Editor's note: This is part two of a two-part series on jobs that don't yet exist. Part one, focused on recruiting, is available here.
What does the future hold for business and employees — and how do we prepare for this bold new world?
Previously, we talked about recruiting for jobs that don’t exist. The next question for recruiters and educators will be how to train for work we can’t even conceive. What skills and competencies will be required, and how do we prepare for them blindly? At LinkedIn Talent Solutions they predict 85% of the jobs of 2030 haven’t been invented yet. What degree will you need for that?
Experts believe that today half the subject knowledge acquired in year one of a four year tech degree is obsolete before graduation day. In 2016, Pew Research Center and Elon’s Imagining the Internet Center asked almost 1,500 technologists, scholars, practitioners, strategic thinkers and education leaders for their thoughts on the future of workplace training. Pew's State of American Jobs report points to lifelong training as well as trait development. In the study, 87% of workers said training and development of new job skills throughout their work life will be essential to keep up with changes in the market.
Traits that can’t (today) be found in automation and AI will likely be highly sought after skill sets. While the tasks may be today unknown, some basics will always be needed, like leadership and creativity. Some emerging skill sets are being identified, however, that may be just as important.
Shifting with the wind
Dr. Linda Sharkey, author of "The Future-Proof Workplace," believes adaptability will be a must for future workers, but we’ll need to change our current learning models to develop it. To do so, classroom learning will give way to experience-focused education that forces people to adapt, solve problems or co-create solutions.
“We have to build on behavioral skills like questioning and listening: teach people how to ask and to have ‘how can we….’ sessions,” she said.
Paul Rigby, chief experience officer at Vitalyst, says that while no one can predict what's coming in the tech space, critical thinking skills (including knowing which questions to ask and how) will be "fundamental to building knowledge."
Digital transformation, according to Rigby, is in reality, human transformation. "Creating a culture where employees embrace all aspects of digital change must begin with people," he said. "It’s by understanding why, how and when to best support employees that companies can experience transformative growth."
Learning to learn
Another key element will be the ability to learn. We may consider learning as inherent; we learn consciously and unconsciously all the time. But proactive learning will be critical to the future workforce.

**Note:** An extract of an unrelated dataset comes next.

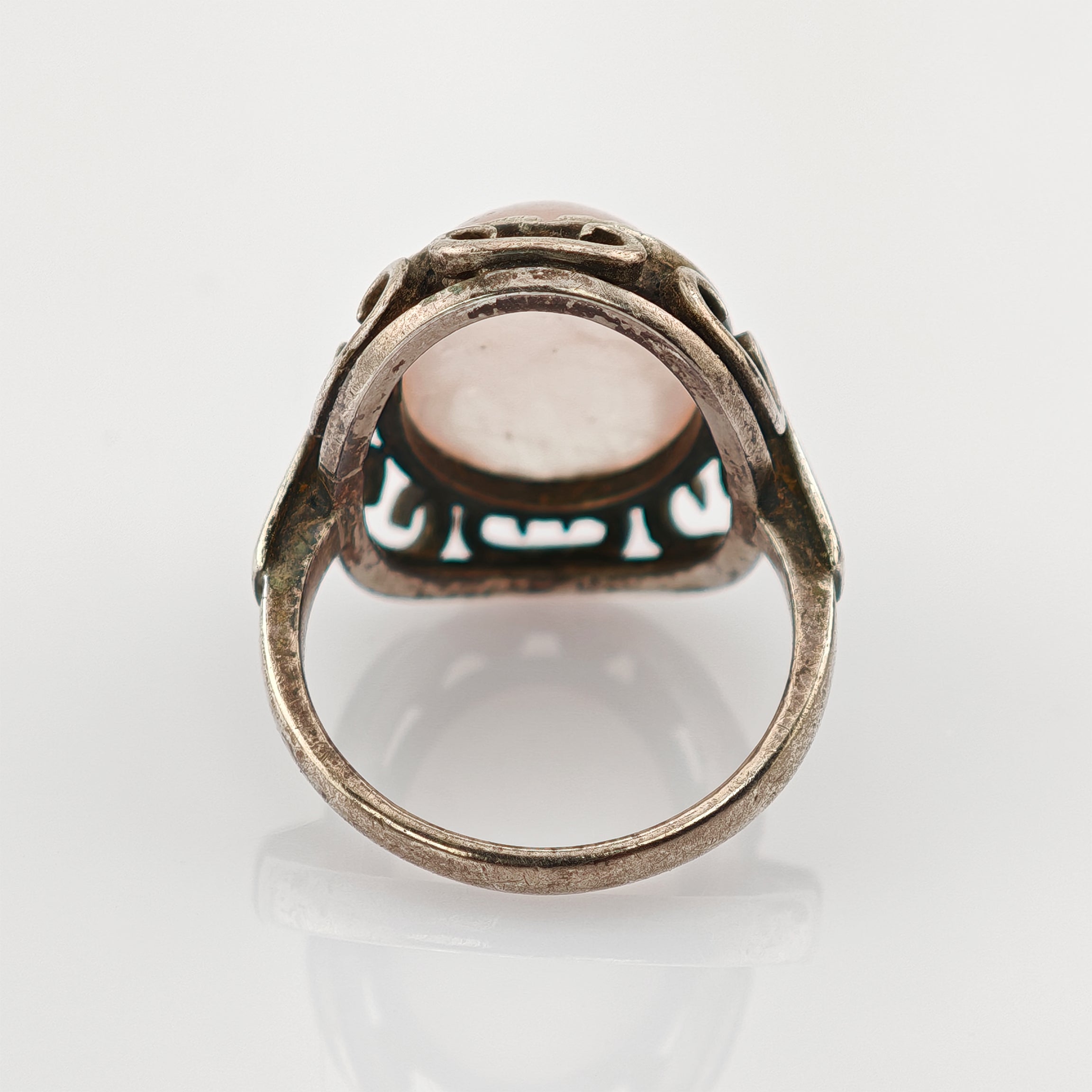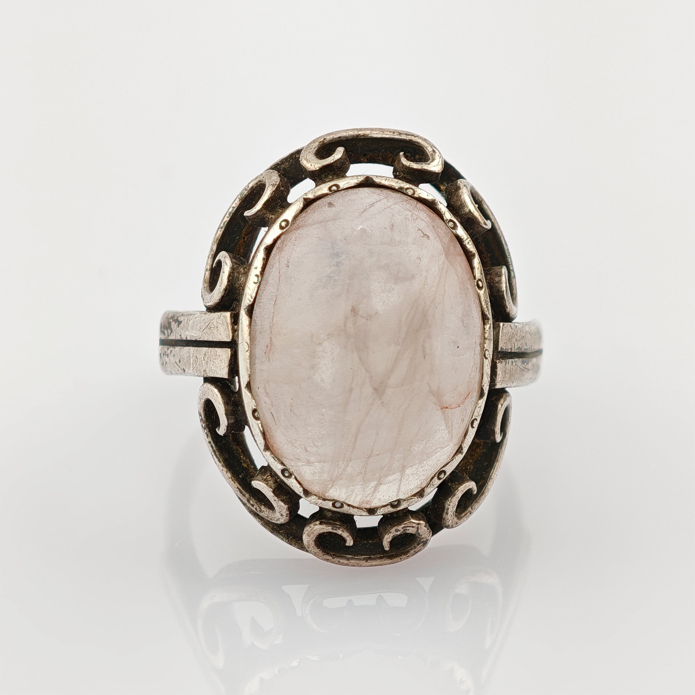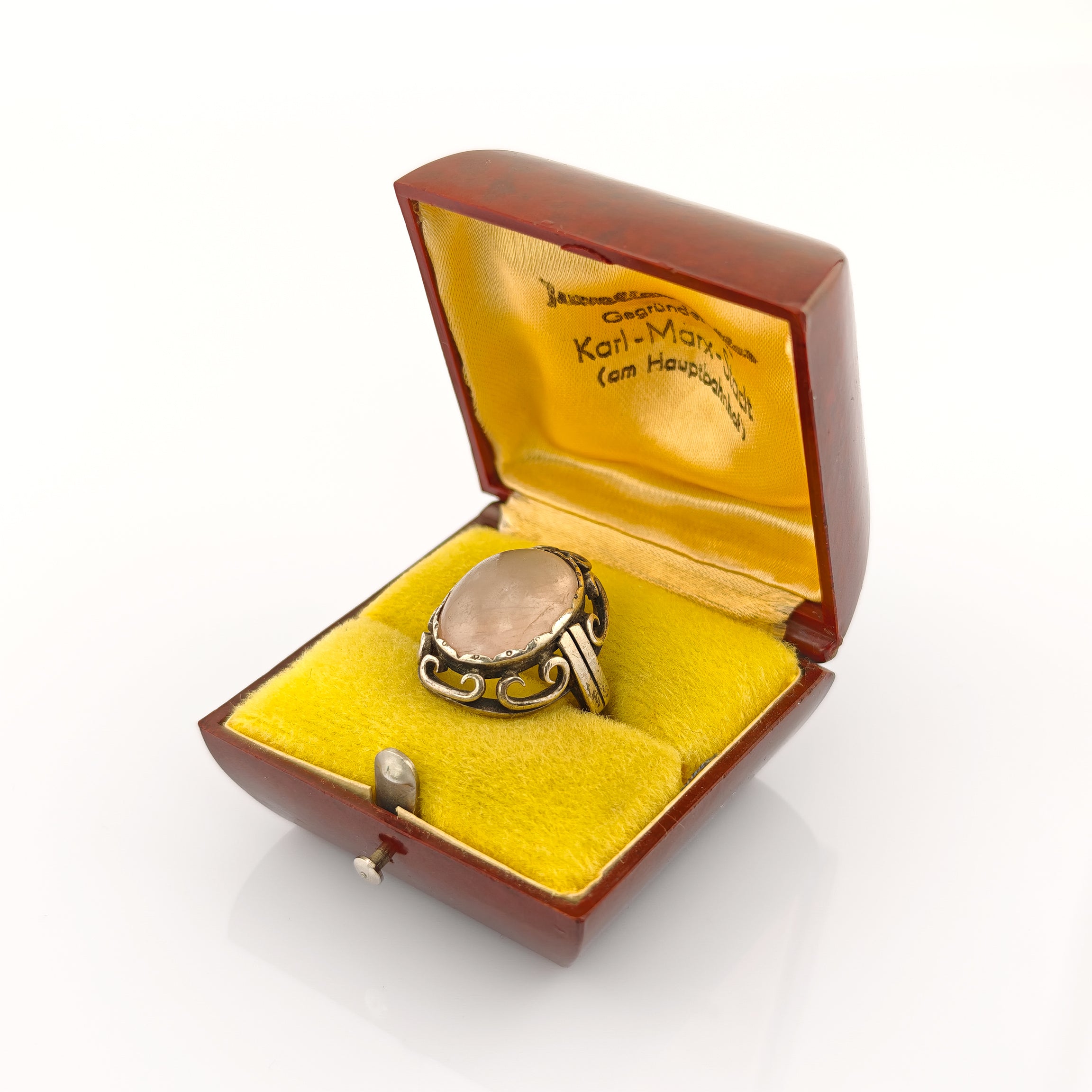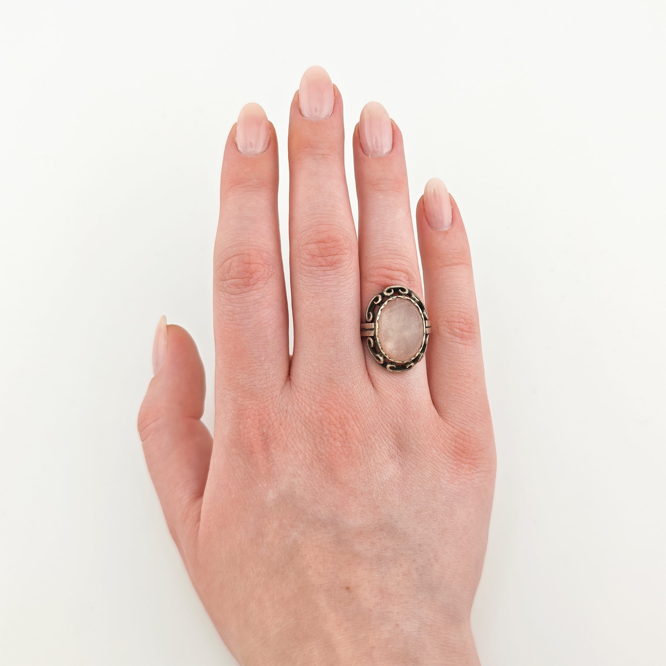 Der „Rose Époque“-Ring ist ein eindrucksvolles Schmuckstück im Stil der frühen 20. Jahrhunderts, gefertigt aus feinem Silber 800 und besetzt mit einem zarten, milchig-roséfarbenen Rosenquarz. Der großflächige Cabochon schimmert sanft im Licht und verleiht dem Ring eine feminine, fast mystische Ausstrahlung.

"Organizations need to move beyond traditional teaching and tech support to building self-help skills so that employees are able to solve problems on their own," Rigby said. He believes the problem with traditional training and tech support focuses on solving the problem, rather than building the skill for the employee to solve it on their own — a skill they can use in the future.

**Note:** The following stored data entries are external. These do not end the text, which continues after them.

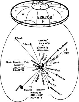 В данном разделе будет представлена история сектора 9 — той части нашей Галактики, в которой расположена Земля. Данная информация в основном является результатом исследований, проведенных Биллом Робертсоном. Вначале несколько слов о нем самом. Уильям Робертсон (02.12.1936 — 12.05.1991) являлся одним из самых высокопоставленных сотрудников Морской организации. Многие годы он занимал должность капитана флагманского корабля “Аполло”. Хаббард присвоил ему титул капитана, награду, которую кроме него получила только жена Хаббарда Мери Сью. С этого момента Робертсон становится известен как "капитан Билл". После того как в 1981 году Хаббард исчез и не имел больше связей с организацией, Билл занялся выяснением причин тяжелого положения, в котором оказалась саентологическая церковь. Его теория заключалась в том, что она захвачена изнутри и передана агентам американского правительства. В процессе расследования он постепенно нашел большое количество информации, которая подтвердила его подозрения. Он описал свои открытия в так называемых "Сводках событий в секторе". При этом он использовал неопубликованные работы Хаббарда о политической ситуации в Галактике и о существовании инопланетной деструктивной группы, действующей на Земле. Ниже приводится информация, которая впервые была опубликована в виде “Сводки событий в секторе”. (выпуск № 19 от 20.02.84) Попробуем представить нашу Галактику в виде огромного плоского диска с небольшим кругом в центре. Подобно торту, она разделена на куски — секторы. Линии раздела расходятся от центрального круга к внешним границам. Круг в центре называется сектором 0, или Центром (см. рисунок). Двенадцать клинообразных секторов (с нечетными номерами) находятся на верхней стороне диска, другие двенадцать секторов (с четными номерами) — на нижней. Данная модель позволяет эффективно патрулировать Галактику и координировать действия по обороне, прикрывая в случае нападения тыл удаленными приграничными секторами. Фактически благодаря такой системе каждый сектор имеет шесть приграничных секторов, включая центральный. Сектор, к которому относятся Земля, Солнечная система, Маркаб и четыре других цивилизации, — это и есть сектор 9.
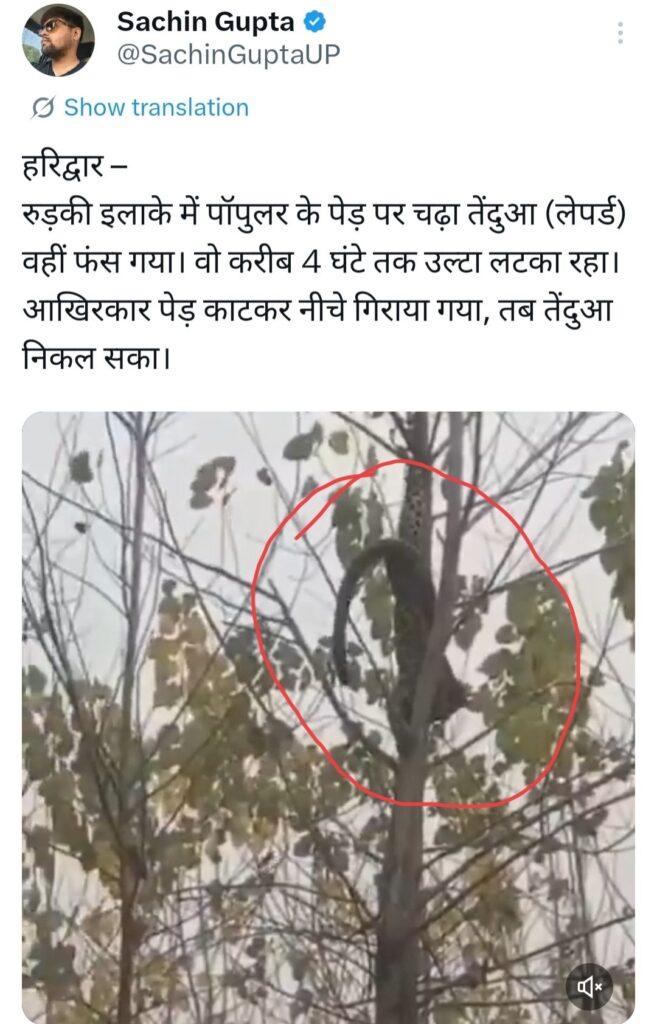 वायरल वीडियो में स्पष्ट देखा जा सकता है कि एक तेंदुआ पॉपुलर के पतले पेड़ पर उल्टा लटका हुआ है और वह छटपटाहट से नीचे उतरने का प्रयास तो कर रहा पर पेड़ बहुत ऊंचा होने की वजह से वह नीचे नहीं उतर पा रहा है। मीडिया रिपोर्ट्स के अनुसार तेंदुए के पेड़ पर उल्टा लटके होने पर स्थानीय लोगों ने उसे बचाने के लिए पेड़ को नीचे से काट दिया जब पेड़ गिरा तब तेंदुआ भी नीचे गिरा और वह वहाँ से भाग गया। फिलहाल इसका वीडियो भी वायरल हो रहा है।
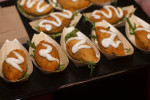 Moderator Tim Maur kündigte die erste kulinarische Überraschung in Form von heißer Sangria an. Tim Correia Dias vom L’aperitif in Neuwied versprach weitere portugiesische Tapas nach den nächsten Gesangsblöcken. Er kredenzte Pasteis de Bacalhau mit Zitronen-Aioli, mediterranes Muffin und hausgemachte Praline.
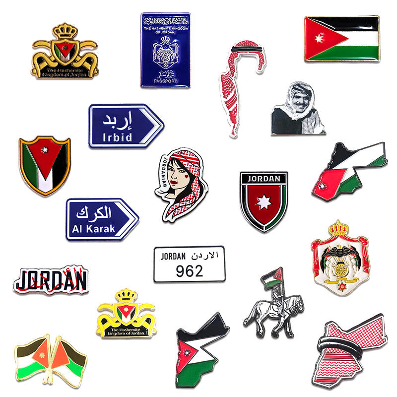 Insignias con el Emblema de Jordania, Pines de Metal Esmaltados Personalizados, Recuerdos de Aleación de Oriente Medio, Desierto, Golfo, Viajes y Turismo

Encouraging and providing access to knowledge will create the lifelong learners the jobs of the future will require.
“Teaching lifelong skills and providing employees resources to develop those skills at their own pace — rather than through one-time training sessions — invokes behavioral changes that encourage employees to actually want to learn,” Rigby said.
Bouncing back as a skill set
Chris Calitz, director of the Center for Workplace Health Research and Evaluation at the American Heart Association, identifies another critical workforce trait: resiliency. The AHA’s "Resilience in the Workplace" report says that two out of three employees report work as a significant source of stress. And workers under duress will have difficulty adapting.

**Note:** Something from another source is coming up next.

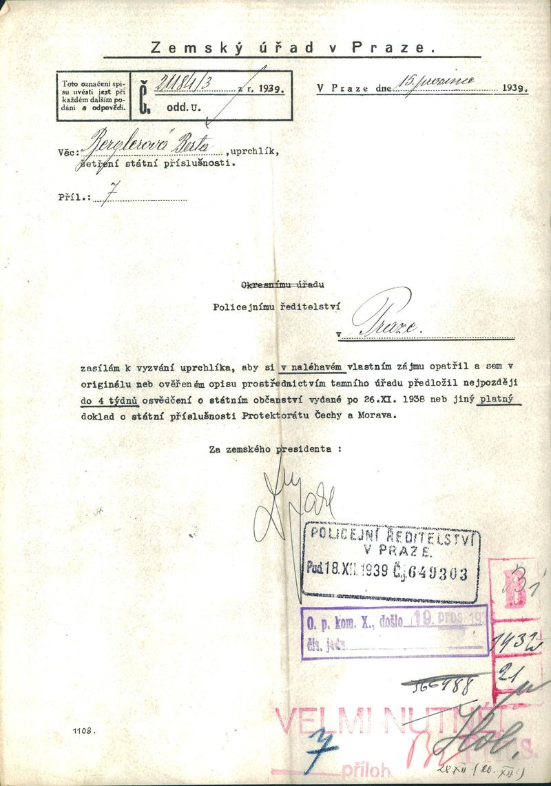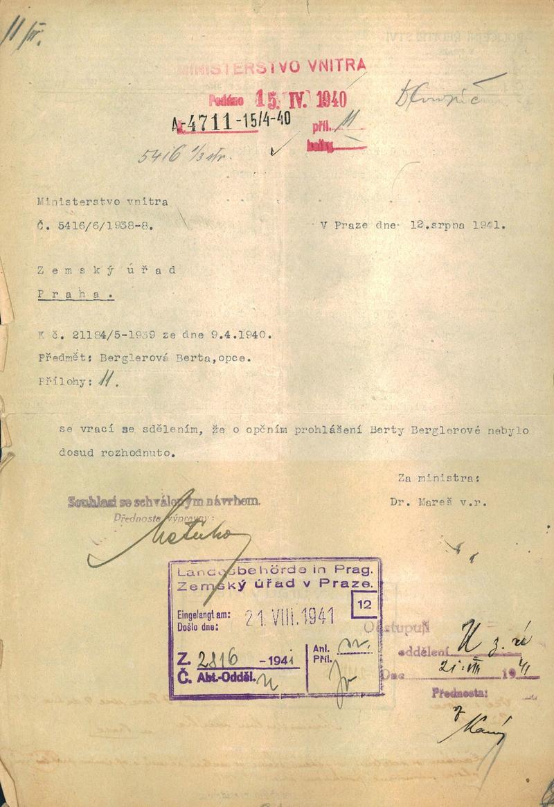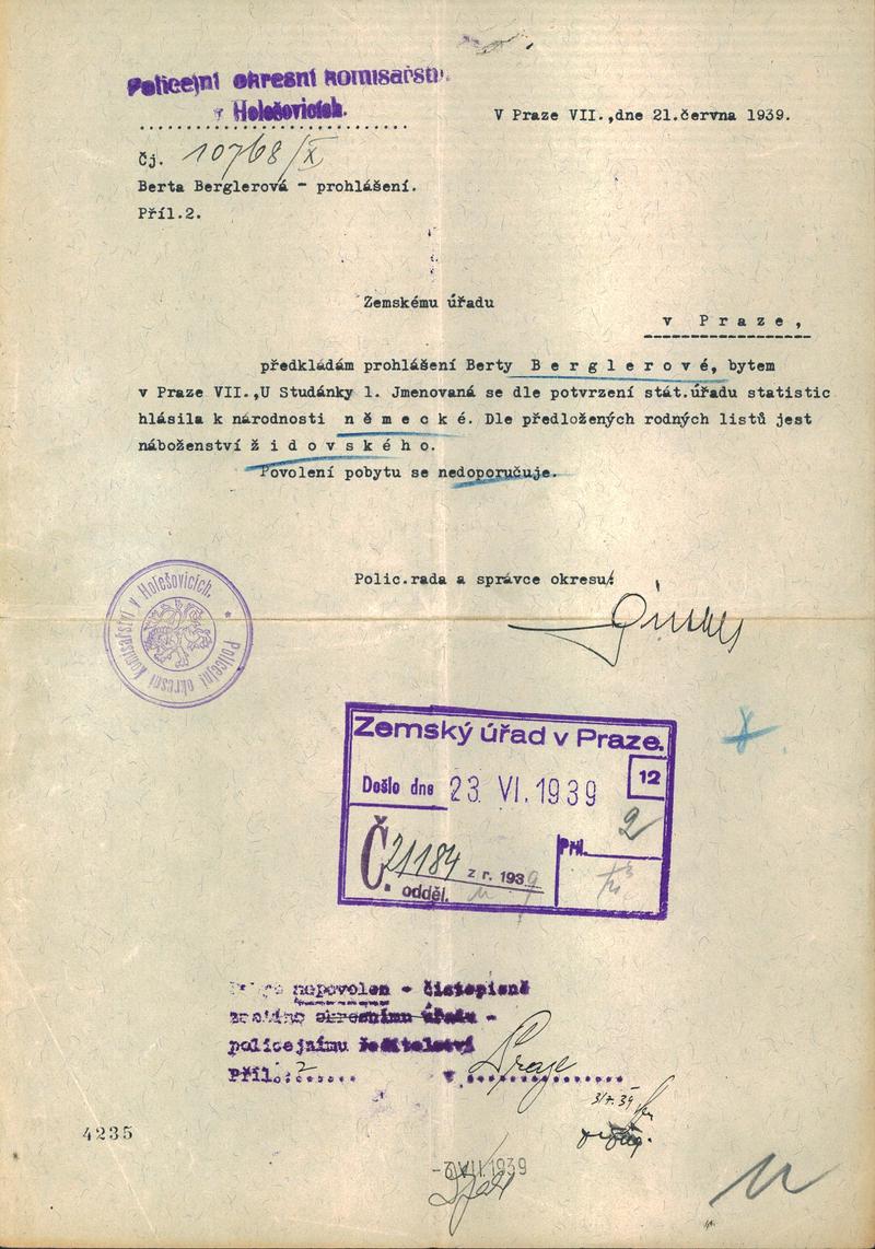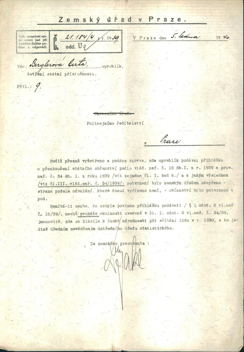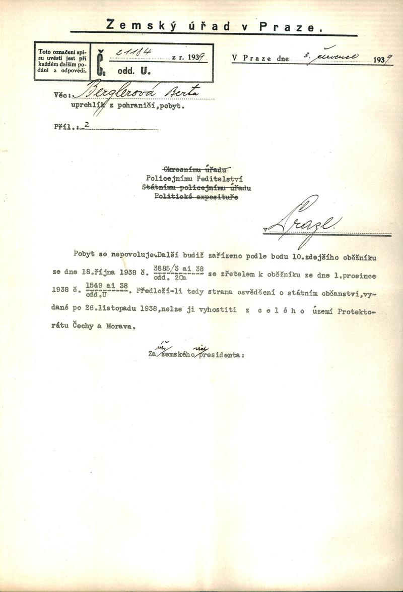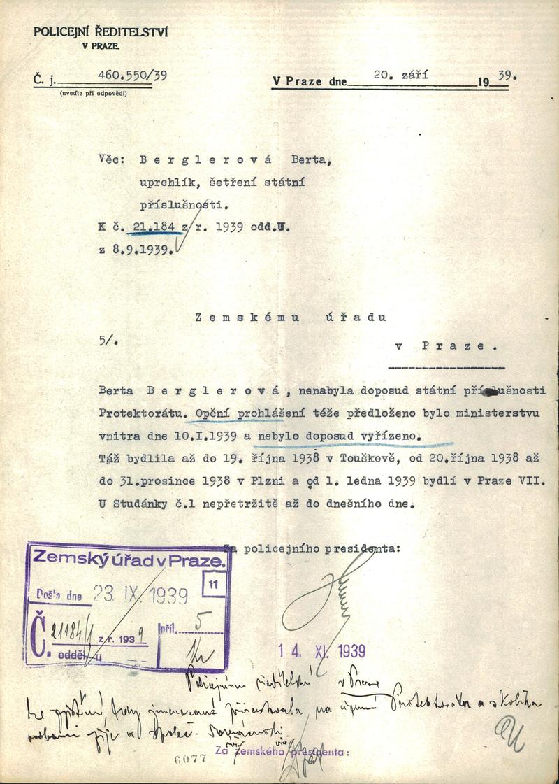 Staatliche Gebietsarchiv in Pilsen > Polizei-Direktion Pilsen > 1918-1951 > B > Berglerová Berta

“Clearly, the ideal situation is where both workplaces and workforces are adaptable, which give individuals and companies the ability to quickly adapt to changes such as economic downturns and the impact of technology on jobs,” Calitz said. Employees will need to respond positively to change and stress and business will need to help them do so with support and resources.
Rigby agrees resiliency and resources are required: “Enhancing employees’ resiliency and curiosity begins with enabling employees to solve problems on their own.”
Language fluency
Workers will need to be fluent in the language of business — which overwhelmingly will be code. The more comfortable we are with tech, the less it intimidates. The more user-friendly tech becomes, the more we work with it. In many cases, toddlers can access tech before they’ve learned to read.
That fluency in the use of tech, rather than the fear of it, should serve employers well. In the same way Latin used to be taught to understand the roots of the English language, computer fluency will be needed to understand the roots of all we do.
Perhaps the most important training for jobs that don’t exist will be the curiosity to try.
“Curiosity is also a human dimension that can be learned by teaching people how to co-create solutions," Sharkey said. "Again, the key here is leverage the human connection, facilitating the dialogue and reflections — not leading the learning in a classroom formant."
Technology will not create the jobs of the future — humans will. And as humans create the tech of the future, they’ll create the training to bring workers up to speed.